Nucleation parameters of SPC/E and TIP4P/2005 water vapor measured in NPT molecular dynamics simulations

Abstract

Nucleation rates for droplet formation in water vapor are measured in molecular dynamics (MD) simulations of SPC/E and TIP4P/2005 water by monitoring individual nucleation events. The nucleation process is simulated in the NPT ensemble to evaluate the steady-state nucleation rate in accordance with the assumptions of classical nucleation theory (CNT). Nucleation rates measured between 300 and 425 K for the SPC/E model, and between 325 and 475 K for the TIP4P/2005 model, agree with the CNT predictions roughly within the standard deviation of the MD measurements of the nucleation rates.

Appendices

Appendix 1. Classical nucleation theory overview

The following Eqs. (A1)–(A7) summarize the formulas of the classical nucleation theory (CNT) for the case of unary homogeneous nucleation of droplets. A thorough derivation of the formulas governing the nucleation parameters can be found in nucleation textbooks, e.g., Kalikmanov [18]. The nucleation parameters reflect the thermophysical state of the nucleating parent phase characterized by pressure p and temperature T. Within the CNT model, these two parameters are assumed constant during the nucleation process, and the required thermophysical properties of water are being evaluated at the nucleation pressure and temperature.
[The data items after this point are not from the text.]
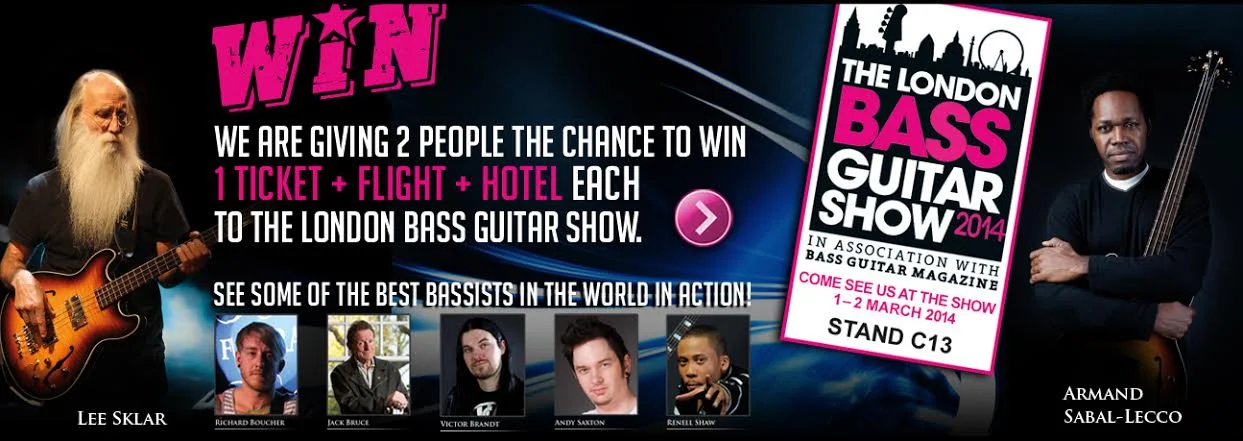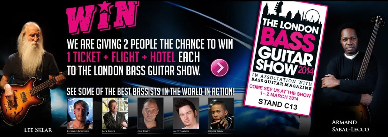 Für alle Bassliebhaber, verlosen wir zwei Tickets zur London Bass Guitar Show 2014, inkl. Flug (Abflug/Rückflug ab/zu den Flughäfen Frankfurt/M., München, Berlin, Wien, Zürich, Genf, Paris, Lyon, Mailand, Rom, Madrid, Valencia, Barcelona, Warschau, Prag, Stockholm, Oslo oder Kopenhagen) inkl. einer Übernachtung im Hilton Hotel in der Nähe des Olympia Centers. (Reisespesen werden nicht vergütet!)
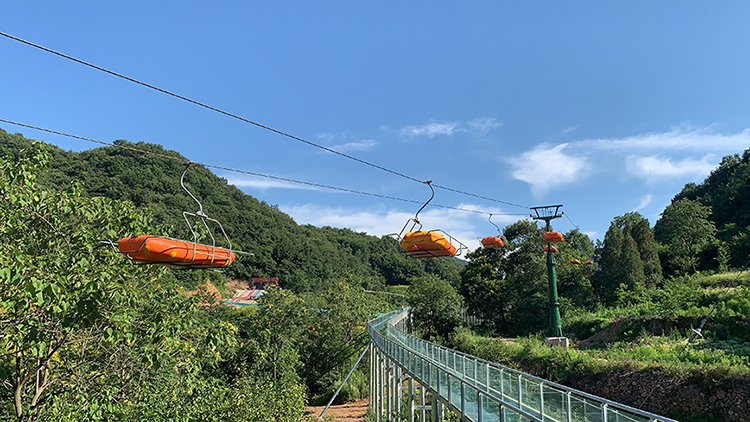 固定抱索器拖船索道主要用于漂流水滑,索道整體分布為驅(qū)動(dòng)站、迂回站和線路部分,漂流船吊籃通過(guò)固定抱索器與鋼絲繩固定在一起。驅(qū)動(dòng)站是為索道提供動(dòng)力的部位,經(jīng)迂回站的迂回輪導(dǎo)向后,把裝載有漂流船的運(yùn)輸?shù)趸@返回至上游的驅(qū)動(dòng)站,達(dá)到運(yùn)輸漂流船的目的,利用索道方式運(yùn)輸漂流船的效率高。索道造價(jià)低,維護(hù)成本低,配置工作人員少,節(jié)約運(yùn)輸成本。
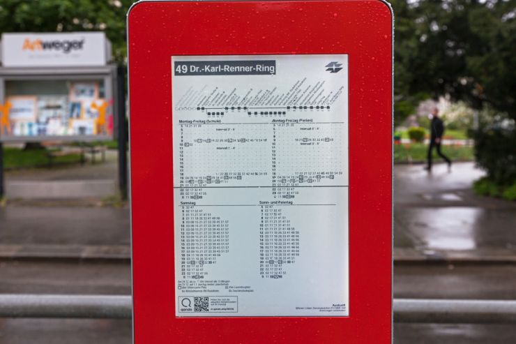 Novou podobu zastávek chystá mimochodem právě teď i Vídeň. Společnost Wiener Linien, která ve Vídni zajišťuje přepravu, chce ušetřit co nejvíce místa pro cestující. A proto navrhla jednotný design s jedním sloupkem, na kterém budou umístěny všechny systémy – například elektronický ukazatel odjezdů, který cestujícím ukazuje čas odjezdu dalšího vozidla v minutách, reproduktor, symboly linek a samozřejmě jízdní řády a plánek okolí, případně informaci, zda je přijíždějící spoj bezbariérový. Na menších zastávkách jsou místo klasických listů papíru instalovány označníky, připomínající klasické počítačové tablety.

The nucleation work \(\Delta G\) (J) within CNT is a function of the cluster size given by the number of molecules n

$$\begin{aligned} \Delta G(n) = \sigma \root 3 \of {36 \pi (v_l n)^{2}} - n k T \ln \frac{p}{p_{sat}} \end{aligned}$$

(A1)

where \(v_l\) (m\(^{3}\)) is molecular volume of water molecules in the liquid phase, \(p_{sat}\) (Pa) is the saturation pressure of water, and \(\sigma\) (N/m) is the surface tension.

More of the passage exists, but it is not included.